A cancer treatment that uses a patient’s own genetically modified immune cells to attack cancer cells is safer and more effective when it can be toggled on and off by an oral medication, according to a recently published Stanford Medicine study in mice.
The original therapy, known as CAR-T cell therapy, has been remarkably effective against some types of blood cancers. But, because some patients experience a life-threatening immune reaction to the engineered cells, CAR-T therapy is usually used only after other treatments have been tried.
It’s also been less successful in patients with solid tumors such as those in brain and bone cancers. Researchers believe this is because the CAR-T cells, which are prone to excessive signaling become exhausted before they can eliminate solid tumors. Additionally, unlike in blood cancers, it is difficult to identify molecular targets on solid tumors that are found only on the cancer cells and not on normal tissue.
The Stanford researchers devised a modified CAR-T cell therapy, termed SNIP CAR-T, that is activated with an oral medication for hepatitis that’s already approved for use in humans by the Food and Drug Administration. (Without the drug, the SNIP CAR-T cells are inactive.)

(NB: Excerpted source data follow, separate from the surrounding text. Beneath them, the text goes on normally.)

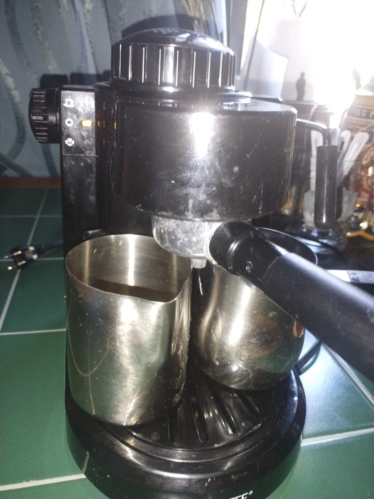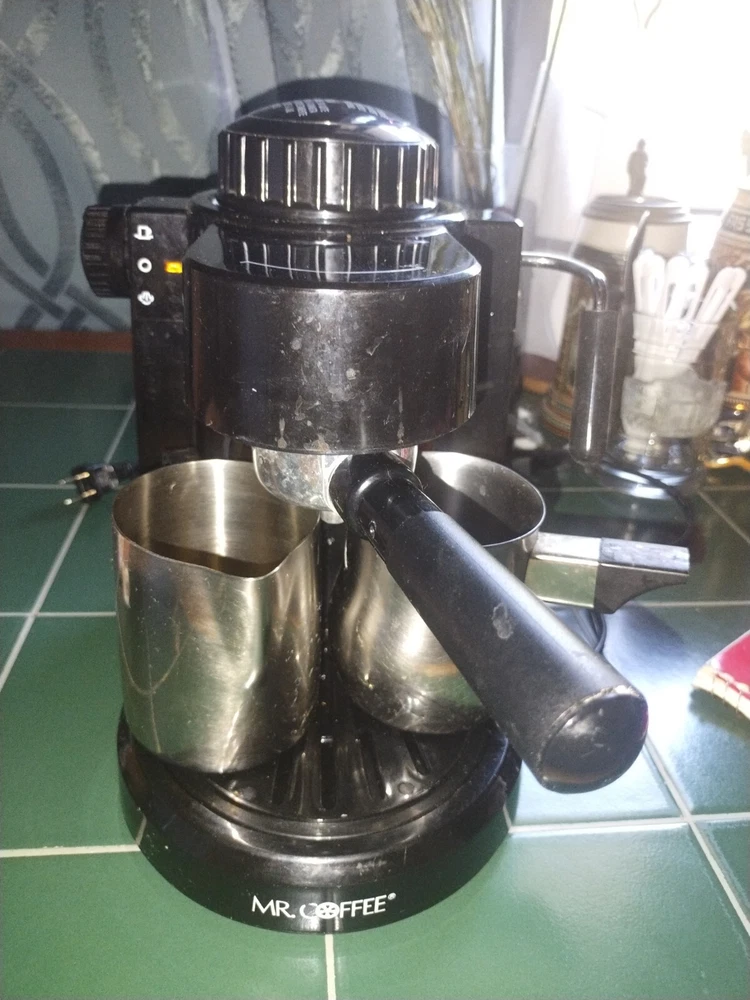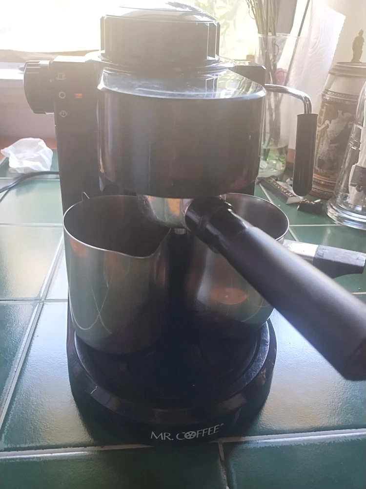 Get ready to enjoy café-style coffee at home with this Mr. Coffee Expresso and Cappuccino Coffee Maker. This machine comes in a sleek black color and is perfect for making cappuccino and espresso coffee. It has a removable drip tray, water tank, and frother to make your coffee-making experience easier and more convenient. With a capacity of 4 cups, you can make coffee for the whole family or a group of friends. This machine is easy to use and comes with a range of features that make it stand out from other coffee makers. It is a great addition to any kitchen and is perfect for coffee lovers who want to enjoy their favorite coffee at home anytime they want. handle of frothe jar broken it is still usable. there in free organic coffee from Mexico! best deal of the day!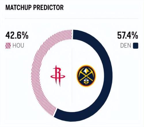 這是兩隊本賽季的第四次交鋒,前三次交手中,掘金取得2勝1負,稍占優(yōu)勢。 賽前,美媒ESPN對本場比賽進行了勝率預測,火箭隊勝率僅有42.6%,掘金勝率則為57.4% ,差距還挺明顯。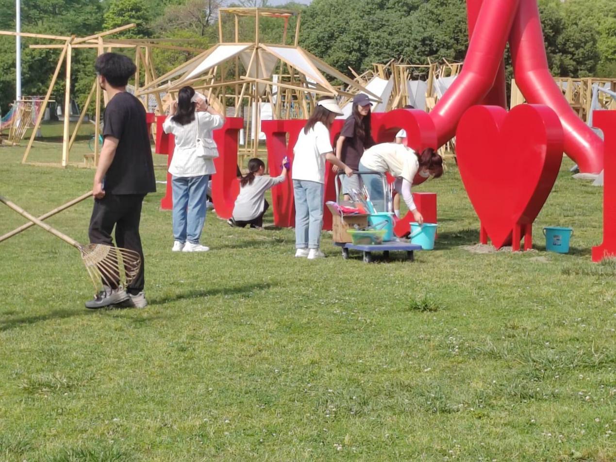 (志愿者们清理雕像)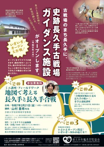 来年のガイダンス施設オープンに向けて ミニ講座・フィールドワーク 「地図で考える 長久手と長久手合戦」 を長久手観光交流協会が、企画されました。長久手市郷土史研究会は運営協力致します。 日時:2025年2月21日(金)、14時~15時30分 場所:リ…

The ability to control the cells’ activity with medication after they’ve been infused back into the patient provides a safety mechanism for those who may respond poorly to the genetically modified cells. The researchers also found that the modified CAR-T cells were significantly more effective at tackling solid cancers in laboratory mice — possibly because the cells experienced brief, repeated periods of rest as the daily medication is metabolized in the animals’ bodies.
“We’ve created a ‘remote-controlled’ CAR-T therapy that is tunable for each patient,” said Crystal Mackall, MD, the Ernest and Amelia Gallo Family Professor and a professor of pediatrics and of medicine. “These modified CAR-T cells are not only safer but they are also. more potent and more versatile than the original CAR-T cells. It’s a pretty sophisticated system.”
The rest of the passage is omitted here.